Doctoral Student Supervision (Jan 2008 - May 2019)
Vulnerability in the Canadian refugee determination arena : an interpretive description study (2017)

This exploratory study utilized Interpretive Description, an applied qualitative methodology, to investigate the manner in which the concept of vulnerability is currently understood and intervened upon within the refugee determination arena in Canada. Consistent with Interpretive Description, this study generated qualitative data from multiple sources, which were theoretically and purposively selected. Four distinct source groups provided data at different levels of analysis: government documents and qualitative interviews with officials offered insight into the systemic level, key professional informants provided access to the organizational level, recent refugee claimants provided information on the individual level, and the collected documentation of a small number of refugee claims provided examples of particular instances, while providing insight into the refugee determination arena as a whole.
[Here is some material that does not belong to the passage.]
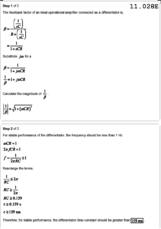 Step 1 of 2 11.028E The feedback factor of an ideal operational amplifier connected as a differentiator is, Substitute for Calculate the magnitude of 1/B Step 2 of 2 For stable performance of the differentiator, the frequency should be less than 1 Hz. 2πfCR=1 Rearrange the terms. ms Therefore, for stable performance, the differentiator time constant should be greater than 159 ms

In the context of Canadian refugee determination, ‘vulnerability’ refers to factors that impede access to a fair hearing and the risk of retraumatization. This study provides a rich and timely description of aspects of identity and experience that give rise to vulnerability for refugee claimants and the institutional and community-based practices that can exacerbate or mitigate risks for harm. Three key findings can be distilled from this study: vulnerability is conceptualized according to essentialized characteristics of refugee claimants, there is variation between professional conceptualizations of vulnerability, and there are barriers to implementation across the refugee determination arena. I argue that a mis-attribution of harm to the individual/intrapsychic rather than to the systemic domain, a lack of integration of the psychological knowledge base that underpins the concept of vulnerability, and systemic barriers to implementation result in less than optimal protection for refugee claimants.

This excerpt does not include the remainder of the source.